The nations which came together at COP26 know that it must be the latter. None are prepared to simply shut-in the production of hydrocarbons. This means that the hydrocarbons industry needs to play an active role in generating global energy solutions to climate change. This is something that the Canadian oil & gas industry has known and acted on intuitively for some time and is increasingly and deliberately part of their strategic action plans.
Canada is the fourth-largest producer of crude oil and the fifth-largest producer of natural gas in the world. As a country, Canada’s CO2 emission intensity on a per capita basis is relatively high (approximately 15Mt of CO2 per capita), similar to the US and much higher than the People’s Republic of China (approximately 7.2Mt of CO2 per capita). However, on an absolute basis, Canada’ 2020 global share of CO2 emissions from fossil fuels is only 1.54 percent, compared with the US at 13.5 percent and China at almost 31 percent. The top three emitters, the US, China and India, collectively were responsible for producing more than 50 percent of CO2 emissions in 2020. On a cumulative basis, from 1750 to 2019, Canada’s share of CO2 emissions is 1.99 percent. By contrast, the US’s cumulative share of CO2 emissions in that same period is almost 25 percent.
Coal, so important to energy security in China and India, and still comprising a prevalent energy source in the US and Australia, no longer accounts for an appreciable portion of Canada’s carbon-based production (57.8 Mt or 0.7 percent of 2020 global coal production). China (3764 Mt) and India (760 Mt), by contrast, produced almost 50 percent and 10 percent of the world’s coal in 2020, with Australia (493 Mt) and the US (485 Mt) not far behind at 6.5 percent and 6.4 percent, respectively. In terms of methane emissions, Canada has very strict methane and flaring standards and has some of the lowest methane intensity hydrocarbons that are produced in the world. It has been suggested that if oil & gas producing countries adopted Canadian standards, emissions from methane would drop by almost 23 percent. In fact, Canada’s increase in methane emissions between 1990 (104.8 Mt) and 2016 (105.61 Mt) was less than 1 percent, according to World in Data: Methane Emissions: Table & Country/CAN, notwithstanding Canada’s significant increase in production, including production from oil sands, during that same period. For example, between 1990 and 2019, Canadian crude oil production increased from 1.7 million barrels per day (b/d) to 4.7 million b/d.

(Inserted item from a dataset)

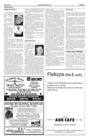 Herb was a life member of the F&AM Lodge 83, Newark, where he was high priest. in 1955. He also was a member of the F&AM Lodge 602, Elizabethtown. He r eceived a Dedicated Service Award in 1988. He was a longtime ham radio operator with the low-call letters W2TDD. He got his ham radio license in 1939. He was the liaison between the Essex County ham radio operators and the New York State Emergency Management System. Herb had many outdoor hobbies and enjoyed many days relaxing with family and friends at his camp on Lincoln Pond. He is survived by one son, Ronald “R.J.” Potter and his partner Dr . Alice W right of Milton, Vt.; one daughter, Nancy Lee and her husband Robert Dobbs of V ictoria, British Columbia; two grandchildren, C urran D obbs o f V ictoria, B ritish C olumbia and Ananda Dobbs Umar and her husband Bobbie of Toronto, Ontario; and two great grandchildren, Nyal and Ryah Umar. A memorial service will be held at the United Church of Christ in Elizabethtown, to be announced later in April. Memorial donations may be made to the Keene Valley Neighbor hood House, P.O. Box 46, Keene Valley, N.Y. 12943. W.M. Marvin’s Sons, Inc. of Elizabethtown is in charge of arrangements. To send online condolences, please visit www.wmmarvins.com.
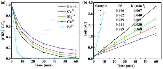 (a) Degradation of CBZ by UV-LED/TiO2 with different co-existing cations. (b) The pseudo-first-order kinetic models of CBZ degradation by UV-LED/TiO2 with different co-existing cations.

Examining the Canadian experience could provide useful guidance and information for other oil & gas producing nations. The Canadian oil & gas industry has a history that is rooted in collaboration and innovation among government, including more recently our indigenous partners (where Canadians have a lot more work to do), industry players, technology companies, lenders and local communities. Canadian oil & gas producers are increasingly active, deliberate and strategic participants in the move to address CO2 and other greenhouse gas (GHG) emissions.

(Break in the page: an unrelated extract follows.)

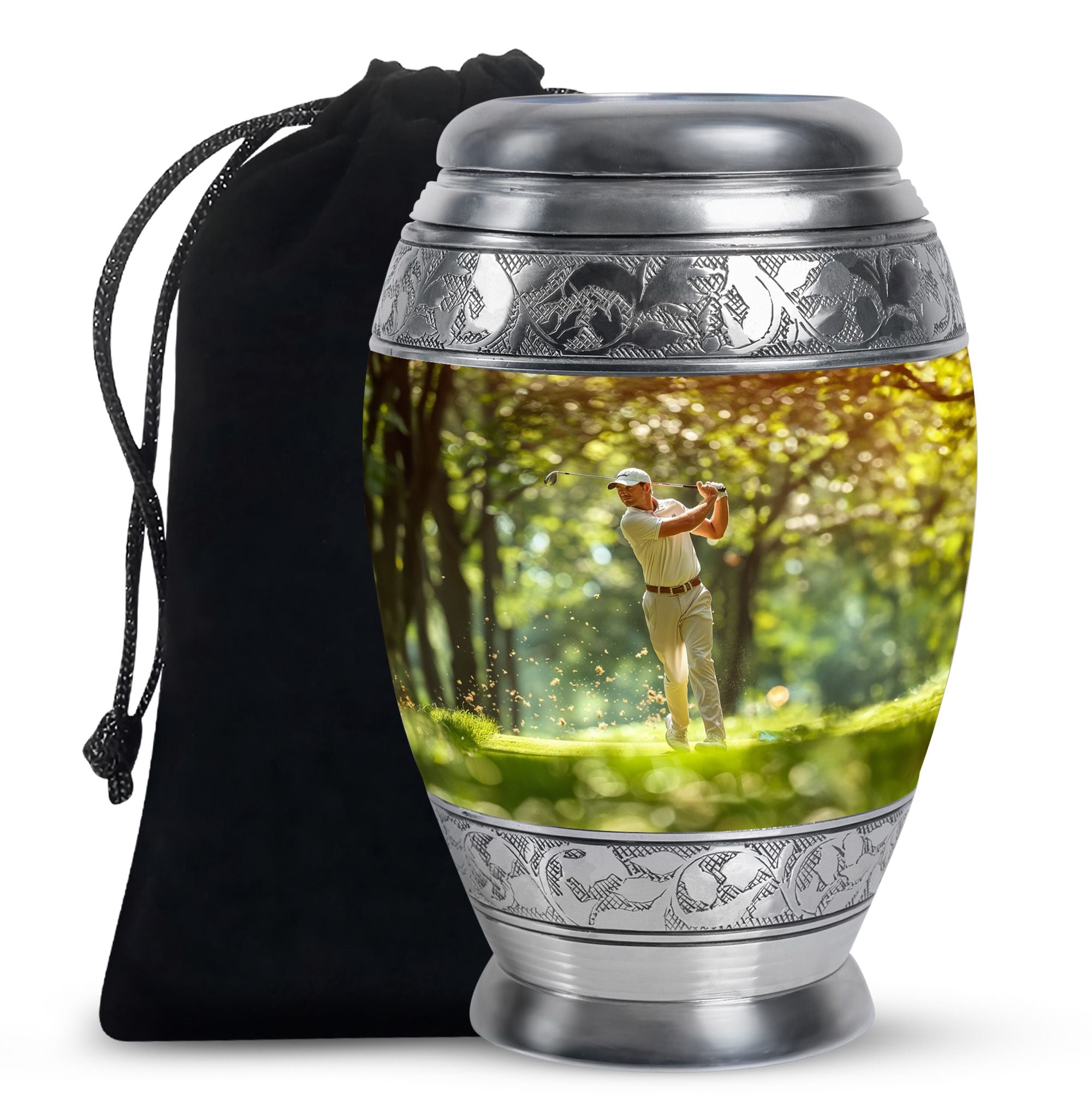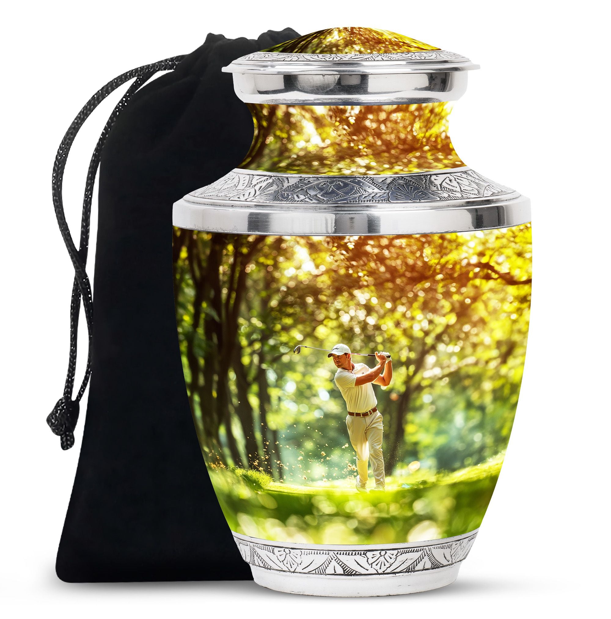Honor your loved one's love for the sport with the **Golf Burial Urn for Adult Human Ashes**. Shop today for a meaningful tribute.
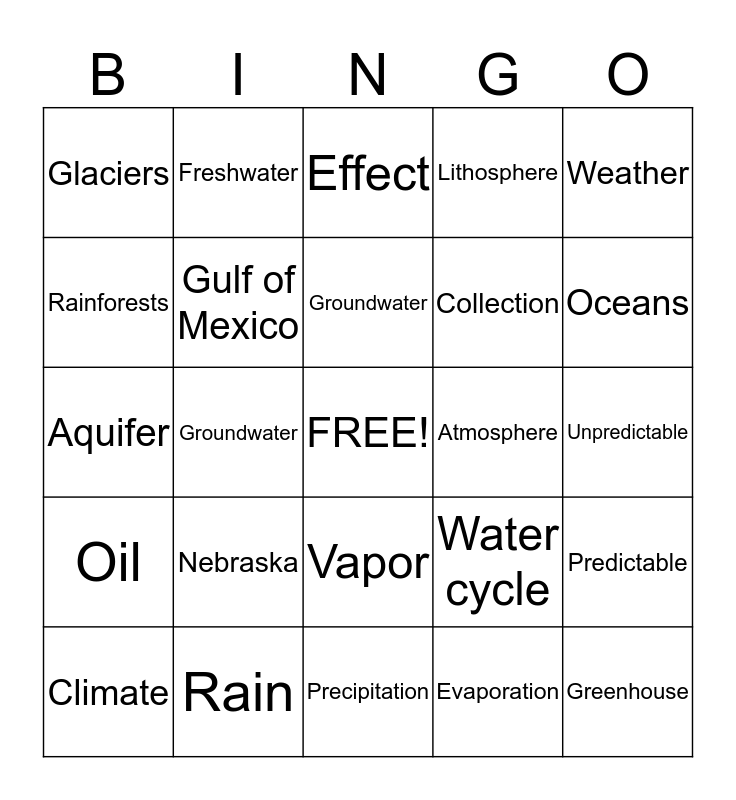 This bingo card has a free space and 24 words: Nebraska, Rain, Groundwater, Climate, Weather, Glaciers, Rainforests, Freshwater, Atmosphere, Vapor, Collection, Aquifer, Water cycle, Predictable, Gulf of Mexico, Evaporation, Unpredictable, Effect, Oceans, Groundwater, Greenhouse, Oil, Lithosphere and Precipitation.

One of the best examples of this is found in the development of Canada’s oil sands. With the assistance of government funding to help de-risk emerging technologies and collaboration of industry players, oil sands producers have made great strides in lowering the costs and emissions associated with oil sands production. The adoption of steam assisted gravity drainage (SAGD) for the recovery of bitumen that could not be recovered through traditional mining techniques is a case in point. Unlike mining, SAGD operations have a similar environmental footprint to conventional oil & gas extraction. Invented by Dr Roger Butler in the late 1970s, the Alberta government established the Alberta Oil Sands Technology and Research Authority (AOSTRA) to accelerate the commercialisation of SAGD technology. The private sector worked with AOSTRA to privately fund SAGD pilot projects and in 2001, the first commercial SAGD project became operational. Today, SAGD oil production accounts for almost half of Canada’s oil sands production.
In 2012, several major oil sands producers established Canada’s Oil Sands Innovation Alliance (COSIA). COSIA is focused on “accelerating the pace of improvement in environmental performance in Canada’s oil sands through collaborative action and innovation” within four environmental priority areas (EPAs) – greenhouse gases, land, water and tailings. Today, COSIA’s members represent more than 90 percent of oil sands producers in Canada and since 2012, members have invested more than $249m in 175 contributed GHG technologies, $174m in 467 contributed land technologies, $826m in 228 contributed tailings technologies, and $592m in 273 contributed water technologies, reducing freshwater use intensity by 47 percent, which activities have, among other things, contributed to a reduction in GHG emission intensity on a per barrel basis by 28 percent from 2000 to 2017, with a reasonable estimate of further reductions of GHG emissions intensity by 16-23 percent by 2030. Members of COSIA understand there is more work to be done, and that work is ongoing.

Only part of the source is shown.